Anastasiia Leskiv

# Business Understanding

COVID-19 also known as SARS-CoV-2, caused by a newly identified coronavirus, typically results in mild to moderate respiratory illness for most infected individuals, often resolving without specific medical intervention. However, older individuals and those with pre-existing health issues such as cardiovascular disease, diabetes, chronic respiratory conditions, or cancer, are at a higher risk of developing severe illness.

Throughout the pandemic, healthcare providers have grappled with a critical challenge: a scarcity of medical resources and an effective distribution strategy. Anticipating the specific medical needs of individuals upon testing positive or even beforehand is paramount. This predictive ability could significantly assist authorities in proactively sourcing and organizing the requisite resources, potentially saving lives in critical situations during these challenging times.

The goal of this project is to build a machine learning model that, shows patient's current symptom, status, and medical history, predict patients who are at high risk of death from covid.

# Data Understanding

This data set contains 21 unique features and 1,048,576 unique patients
sex: 1 for female and 2 for male.In the Boolean features, 1 means "yes" and 2 means "no". values as 97 and 99 are missing data.

sex: 1 for female and 2 for male.

age: of the patient.

classification: covid test findings. Values 1-3 mean that the patient was diagnosed with covid in different
degrees. 4 or higher means that the patient is not a carrier of covid or that the test is inconclusive.

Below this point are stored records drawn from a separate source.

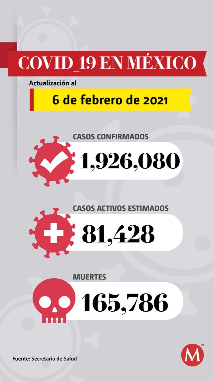 México resgistró mil 496 nuevas muertes por covid-19 en un día, de acuerdo con el reporte de la Secretaría de Salud que dio a conocer las cifras de la pandemia en el país al 6 de febrero.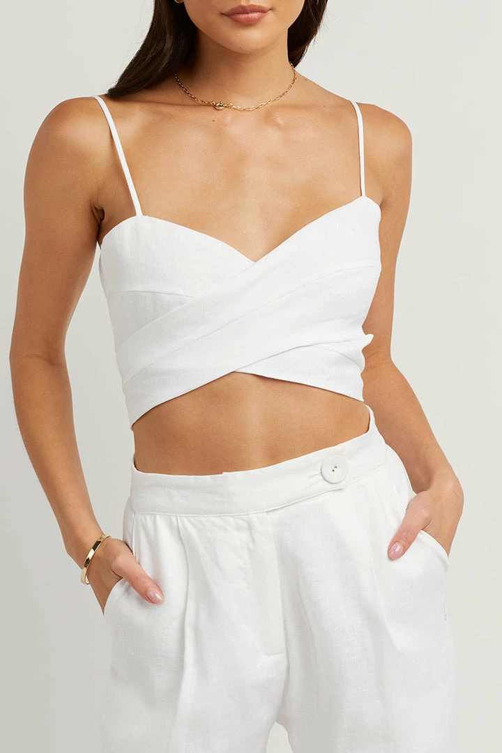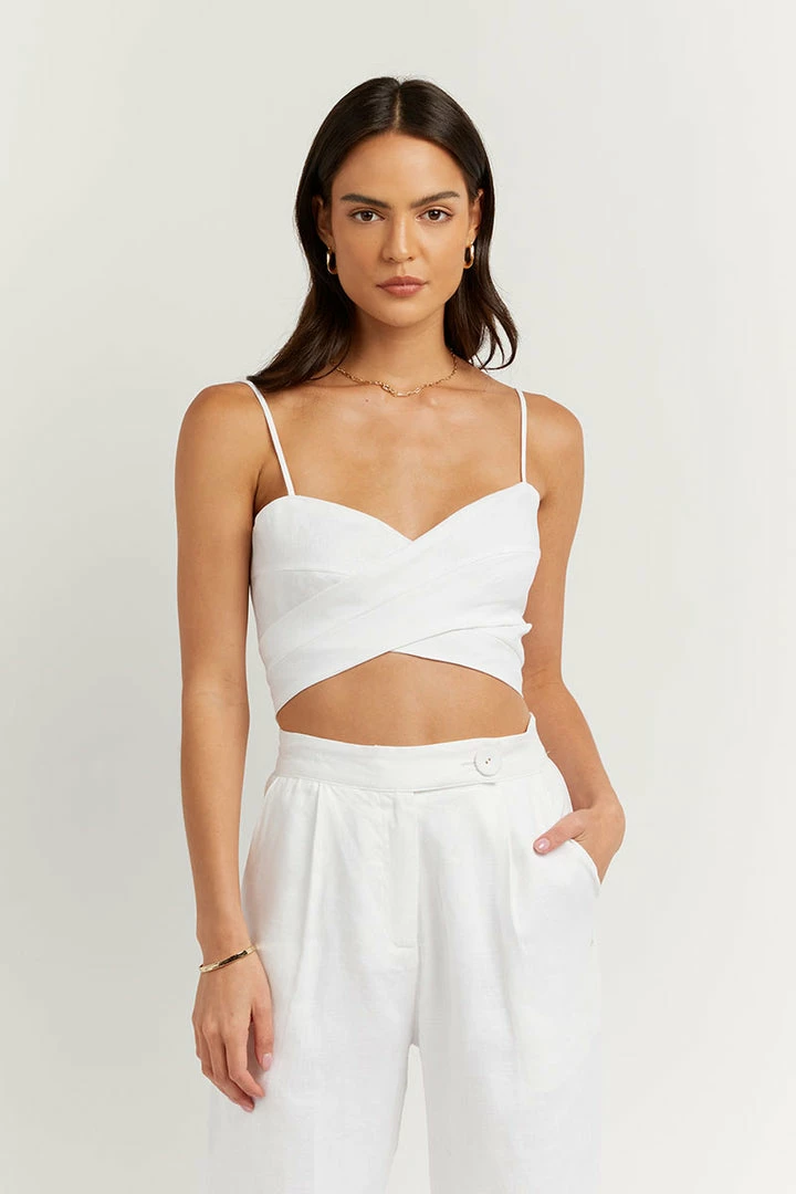 New ๐ DISSH Boutiques ZUMA WHITE LINEN WRAP CROP TOP ๐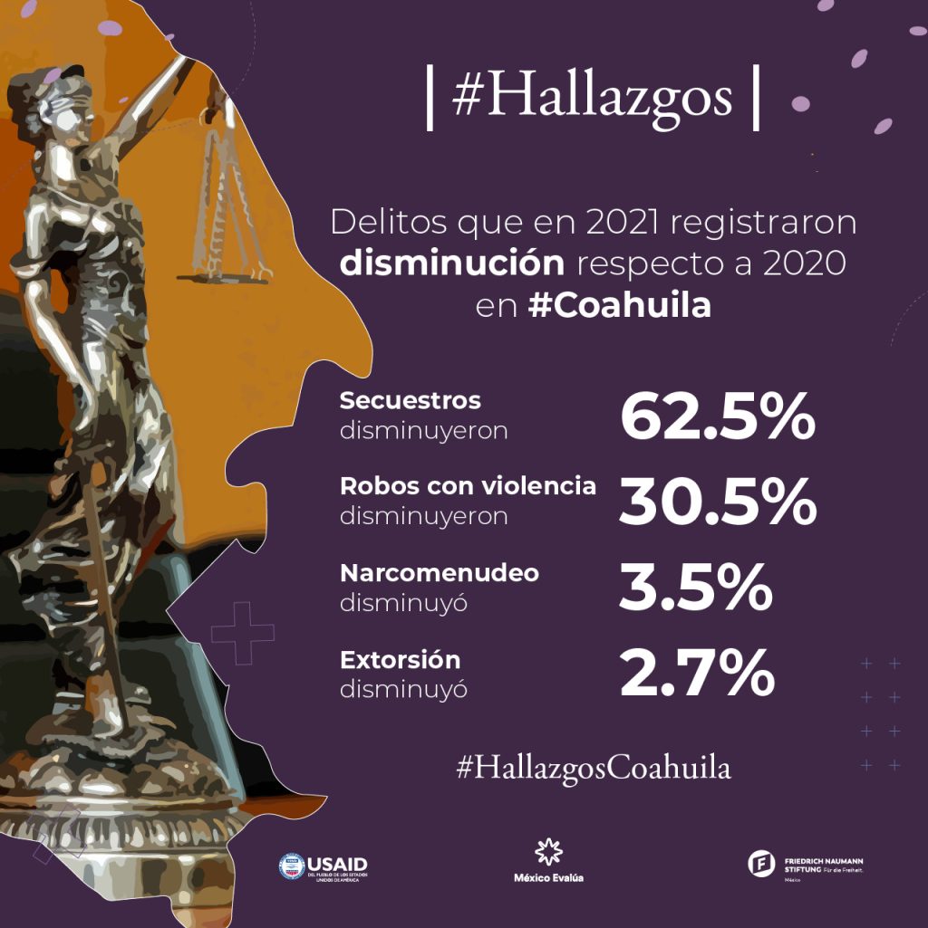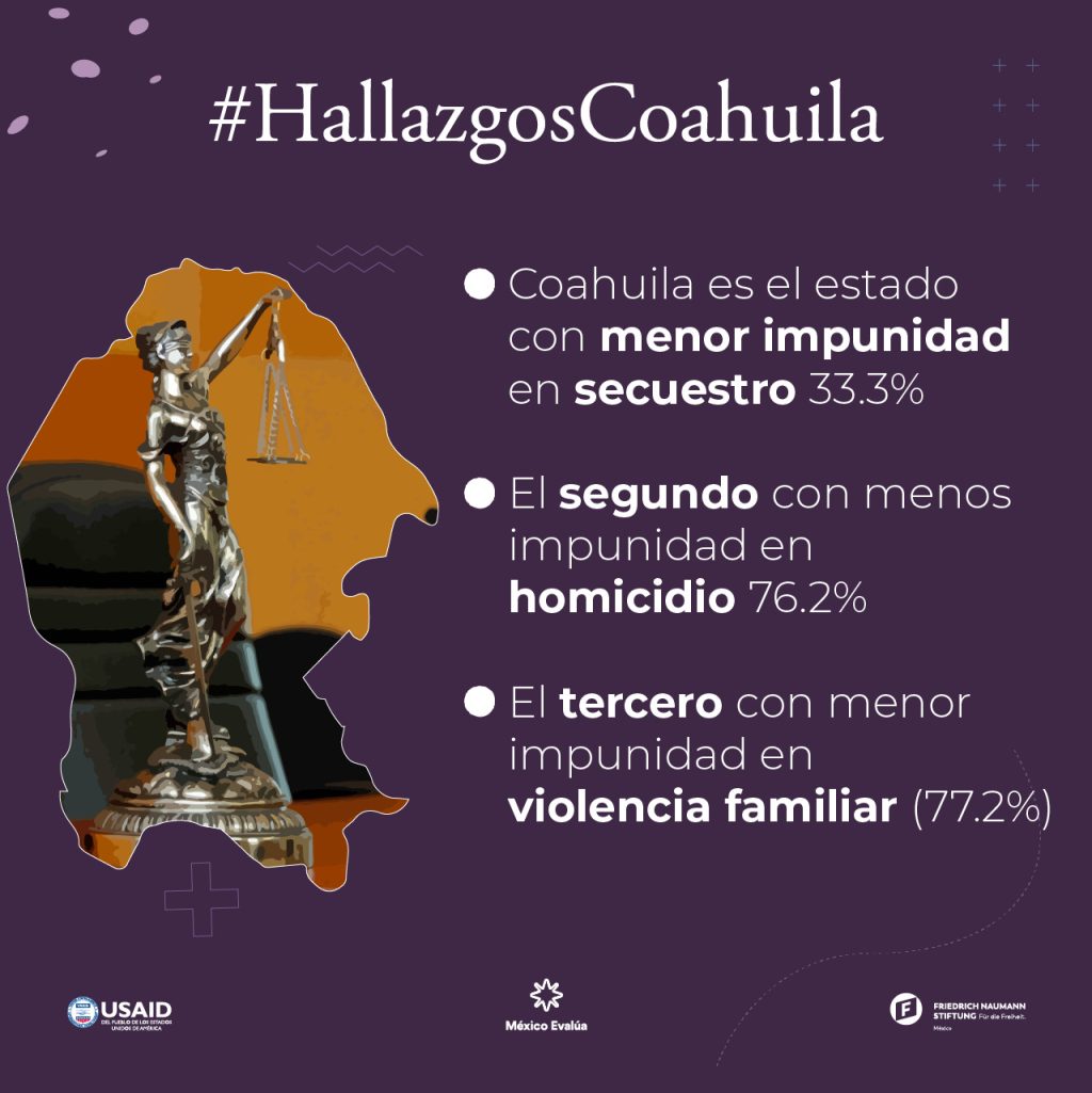 Datos del reporte Hallazgos desde lo local 2021: Coahuila, elaborado por México Evalúa, muestran que Coahuila es la novena entidad con menor impunidad en el país y la tercera con mayor avance en las condiciones necesarias para la adecuada operación del sistema de justicia penal. Al analizar la impunidad por delito, el análisis muestra que Coahuila es el estado con menor impunidad en secuestro (33.3%), el segundo con menor impunidad en homicidio (76.2%) y el tercero con menor impunidad en violencia familiar (77.2%).
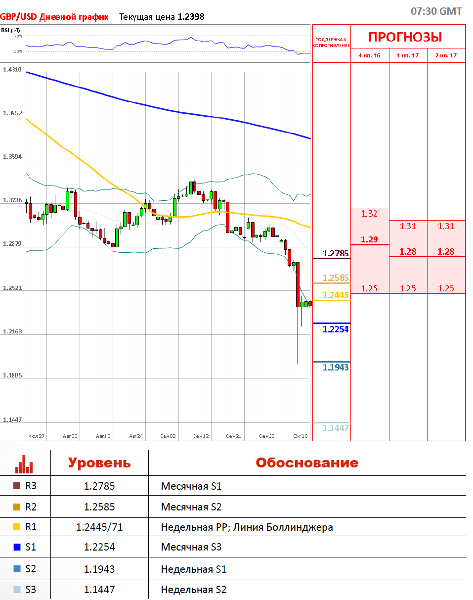 В прошлую пятницу пара обвалилась до рекордных минимумов ввиду низких показателей по Великобритании, а также заявления премьер-министра Франции о том, что он солидарен с Француа Олландом, относительно ужесточения выхода из ЕС. Пробив две линии поддержки, фунт обвалился до отметки 1.194, однако смог скорректироваться и закрыл торги на отметке 1.243. Сегодня инструмент начал торги на недельной PP, которая представлена уровнем 1.2445, однако сразу продемонстрировал нисходящую коррекция. Очевидно, что пара перепродана, поэтому можно ожидать бокового восстановления вплоть до уровня 1.25.

patient type: type of care the patient received in the unit. 1 for returned home and 2 for hospitalization.

pneumonia: whether the patient already have air sacs inflammation or not.
pregnancy: whether the patient is pregnant or not.

diabetes: whether the patient has diabetes or not.

copd: Indicates whether the patient has Chronic obstructive pulmonary disease or not.

asthma: whether the patient has asthma or not.

inmsupr: whether the patient is immunosuppressed or not.

hypertension: whether the patient has hypertension or not.

cardiovascular: whether the patient has heart or blood vessels related disease.

renal chronic: whether the patient has chronic renal disease or not.

other disease: whether the patient has other disease or not.

obesity: whether the patient is obese or not.

tobacco: whether the patient is a tobacco user.

usmr: Indicates whether the patient treated medical units of the first, second or third level.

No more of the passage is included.